1. Non capisco, mi faccia un esempio.
2. Spesso sono associazioni in cui non si vuole realmente la democrazia interna e si cerca quindi di dare meno potere ad alcuni in modo che questi non possano "spodestare" il direttivo: ciò è illegale.
In altri casi invece, quelli virtuosi, tutti possono diventare soci pagando la stessa quota base poi, chi vuole, può pagare quote più alte per aiutare l'Associazione.
Dal Link che ha postato http://www.teamartist.com/blog/2013/03/28/soci-ordinari-simpatizzanti-sostenitori-onorari-tesserati/ ho scoperto una dura verità (dura perché avevo un'altra idea): l'irregolarità nel dichiarare un socio senza diritto di voto, e questo cambia molte cose nel mio progetto, ma non vorrei ancora sbagliarmi. Certo che è incredibile che molti statuti prevedano soci senza diritto di voto, ne ho letti diversi e a loro ho fatto, benevolmente, riferimento anche se il dubbio si faceva sempre più forte. Ma il vostro post (lInk) non lascia alcun dubbio..
Cerco di capire di più:
1) Se il Consiglio Direttivo si riunisce per programmare il corso "Vogliamoci bene", previsto da un programma presente sul sito (senza date) nel mese corrente o nei tre mesi successivi, la scelta dei docenti, delle date, dei luoghi, deve essere tutto posto all'Assemblea dei Soci per essere votato per la sua attuazione con maggioranza dei voti?!

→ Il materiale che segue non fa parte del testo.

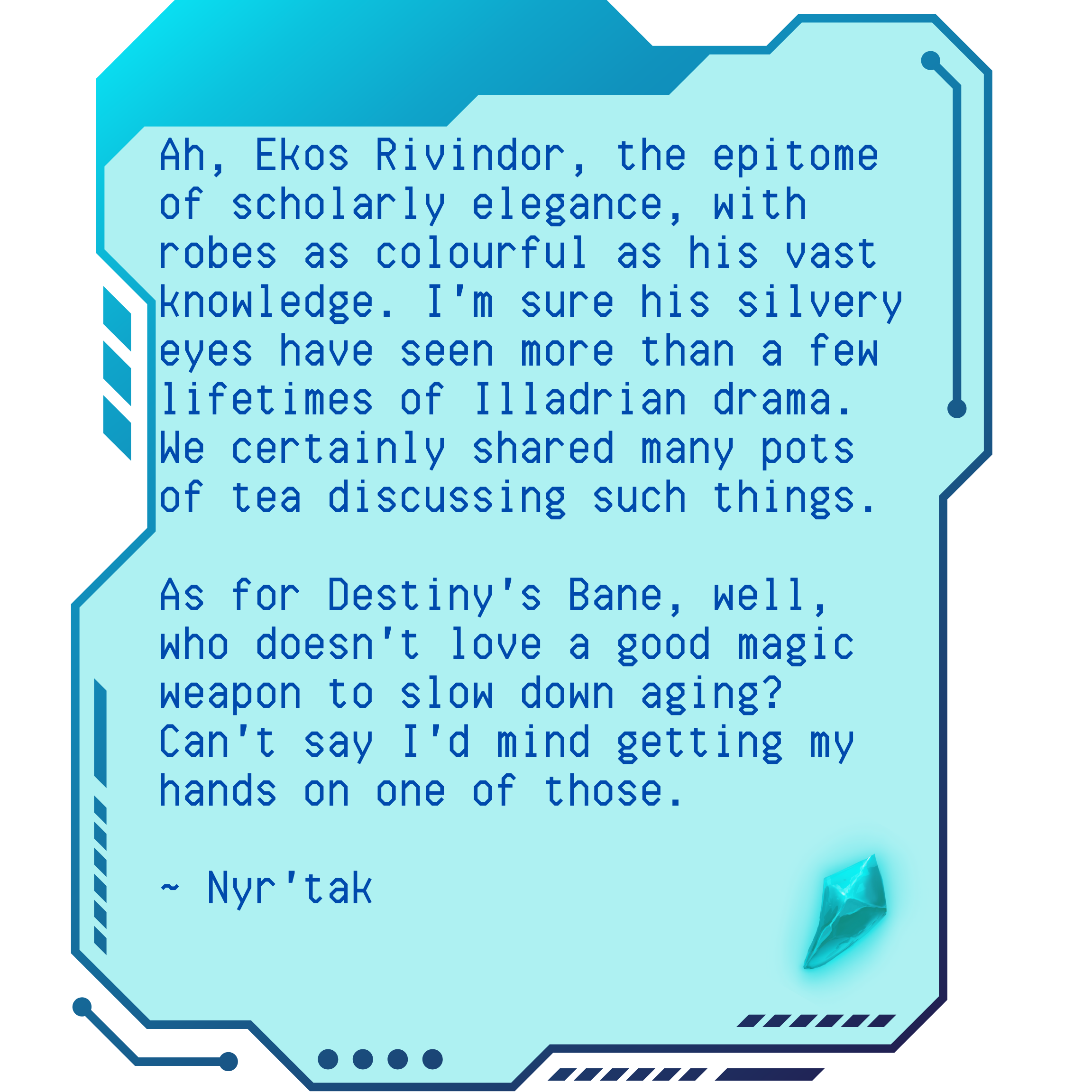 While a prominent public figure, Ekos led a mysterious life, living far beyond the standard half-century lifespan of an Illadrian. This was due in part to his possession of the legendary weapon, Destiny's Bane which grants its wielder a greatly decelerated aging process.

2) In base alla risposta: allora che cosa compete o quali decisioni devono essere poste al voto di tutti i soci in Assemblea, che sia ordinaria o straordinaria?
Sembrava più facile.. come mi dicevano tanti amici, è semplice, trova due amici, fai uno statuto, lo registri e inizi. Si, facile per non far nulla, o per dire che si ha un'Ass.ne, magari si è il Presidente, poi i soci se ci sono o no, non cambia molto.. (astenetevi dai commenti su questo, è solo per sfogo..)
Grazie ancora del supporto.
P.s. Per scaricare il Vs software per la demo occorre averla costituita l'Ass.ne?
1. No, può essere deciso dal solo Presidente o da un socio da lui delegato.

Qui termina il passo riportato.